Si trovano presso il centro dell’affollato cluster globulare Messier 22 e sono un cimelio di un lontano passato: si tratta dei resti di una nova, un’esplosione di idrogeno sulla superficie di una nana bianca, che all’improvviso incrementa la sua luminosità di diversi gradi di magnitudine. Questa ‘anticaglia’ cosmica è stata individuata da un team di astronomi europei, coordinati dall’Università di Gottinga, che hanno utilizzato lo spettrografo Muse (Multi Unit Spectroscopic Explorer), installato sul telescopio Vlt (Very Large Telescope) dell’Eso. I risultati delle osservazioni, svolte nell’arco di sette differenti notti tra il 2015 e il 2017, saranno pubblicati prossimamente su Astronomy & Astrophysics (articolo: “Discovery of an old nova remnant in the galactic globular cluster M22”); lo studio è disponibile in pre-print sulla piattaforma arxiv.org.

L’ammasso globulare Messier 22, noto anche come Ngc 6656, si trova nella costellazione del Sagittario, in direzione del centro della Via Lattea e fa parte del gruppo di 150 cluster di questo tipo che orbitano la nostra galassia.
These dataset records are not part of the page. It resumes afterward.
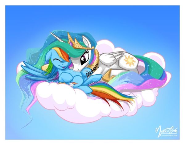 Tags: rainbow dash princess celestia cloud raspberries mysticalpha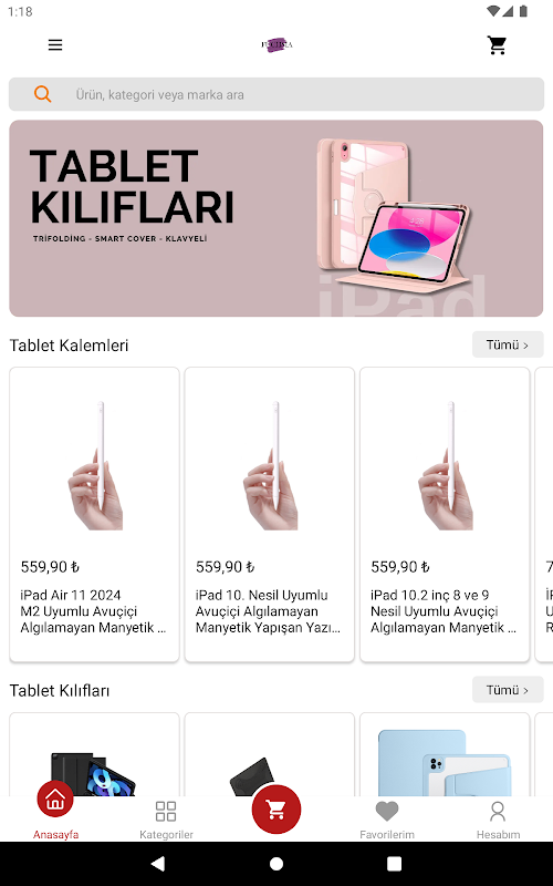 Anda boleh temui semua jenis produk yang terlintas di fikiran apabila menyentuh tentang aksesori tablet dalam aplikasi mudah alih e-fuchsia.com. Sarung, pelindung skrin, papan kekunci dan banyak aksesori lain membolehkan anda menggunakan tablet anda dengan lebih cekap. Selain itu, terima kasih kepada bank kuasa dalam aplikasi kami, anda tidak akan kehabisan bateri. Anda boleh mencari produk yang paling sesuai dengan keperluan anda dengan mudah dengan pilihan bank kuasa kami dengan kapasiti dan ciri yang berbeza.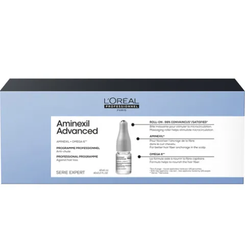 O programa Aminexil Advanced Serie Expert para cabelos finos é um tratamento do couro cabeludo para estimular a atividade da raiz dos cabelos. A molécula Aminexil, um ingrediente único que reduz a perda de cabelo, pode prolongar a vida de até 8000 fios e evitar que entrem precocemente na fase de queda. À medida que massaja o couro cabeludo com o conteúdo da ampola, são fornecidos nutrientes essenciais que ajudam a estimular o folículo e a proteger a densidade dos fios, desde a raiz até às pontas.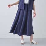 少し濁ったネイビーで、グレーのトップスと相性が良いです。裏地もないので涼しく着用できます。長さは足首までありますが、軽い布地なので重さは感じません。撥水加工もしてあるので、これからの季節安心です。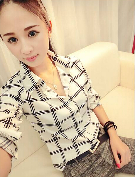 / 女裝2018早春新款印花格子襯衫女長袖學生裝韓范修身百搭雪紡襯衣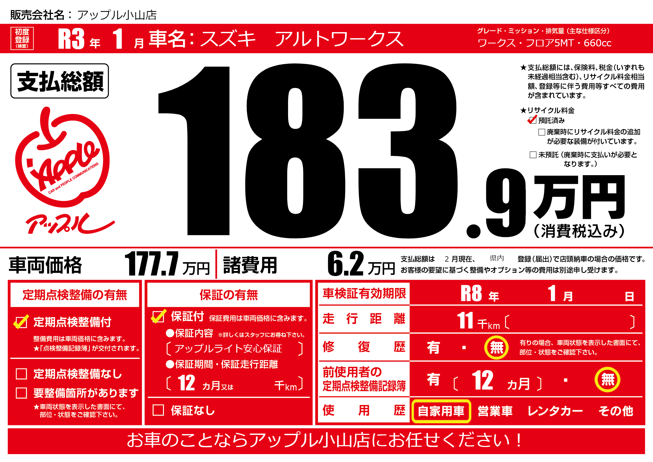 保証付き 保証内容(アップルライト安心保証) 12ヶ月または千km |

Durante le osservazioni, gli astronomi hanno scoperto una nebulosa ad emissione, che presenta una massa e delle caratteristiche spettrali coerenti con i resti di una nova; la sua posizione coincide pressoché con quella di una particolare stella indicata nel Libro di Han, un’antica raccolta cinese di osservazioni astronomiche. Gli astronomi cinesi erano soliti chiamare le nove e le supernove ‘stelle ospiti’ e nel caso della nova in questione l’osservazione risale a oltre 2000 anni fa, al maggio del 48 avanti Cristo: le misurazioni odierne, quindi, confermano una delle più antiche osservazioni umane di un evento astronomico extrasolare.
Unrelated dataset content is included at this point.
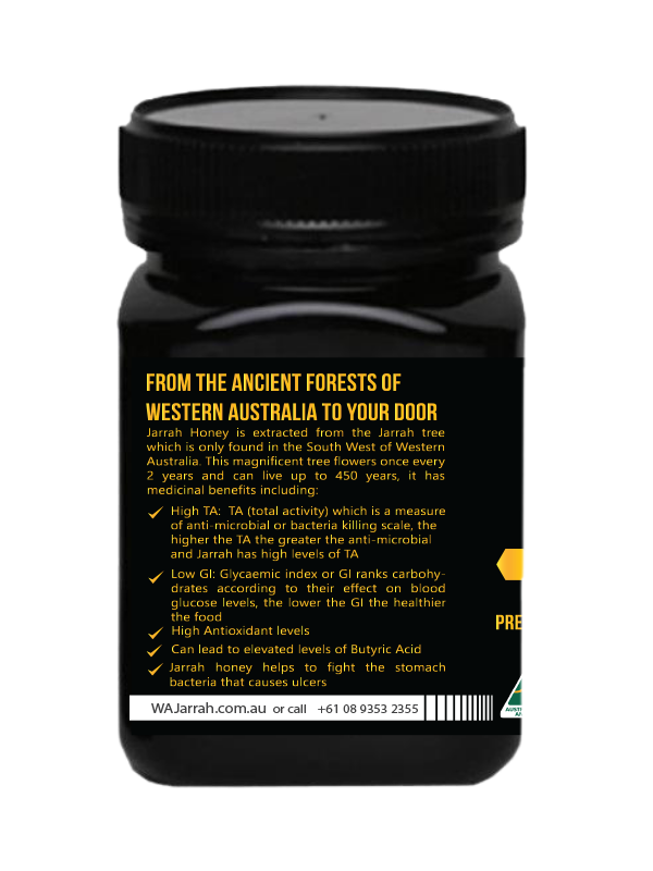 Jarrah honey is extracted from the Jarrah tree (Eucalyptus marginata) which is only found in the Southwest of Western Australia and can live up to 400 years.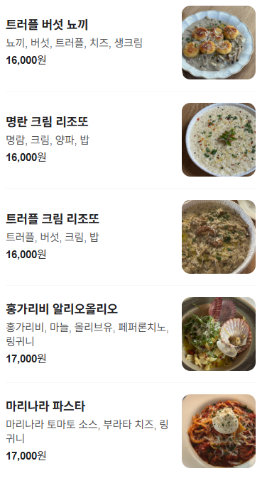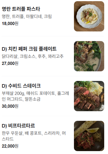 메뉴입니다. 저는 명란트러플 파스타 / 수비드스테이크 / 홍가리비 토마토파스타(?)를 시킨 것 같습니다.

I resti della nova hanno formato una scintillante nebulosa di colore rosso, costituita da idrogeno ed altri gas, il cui diametro misura 8mila volte la distanza tra la Terra e il Sole; nonostante questa taglia over-size, la nebulosa è un ‘peso piuma’, dato che, a causa della dispersione del gas durante l’esplosione, la sua massa è solo 30 volte quella della Terra. Nello svolgimento della ricerca è stato cruciale il ruolo dello strumento Muse, che, tra le varie caratteristiche, suddivide la luce stellare a seconda dei colori e misura la brillantezza degli astri come una funzione del colore. Questa capacità rende lo spettrografo particolarmente adatto all’osservazione delle nebulose, che spesso risplendono in un solo colore, in genere il rosso.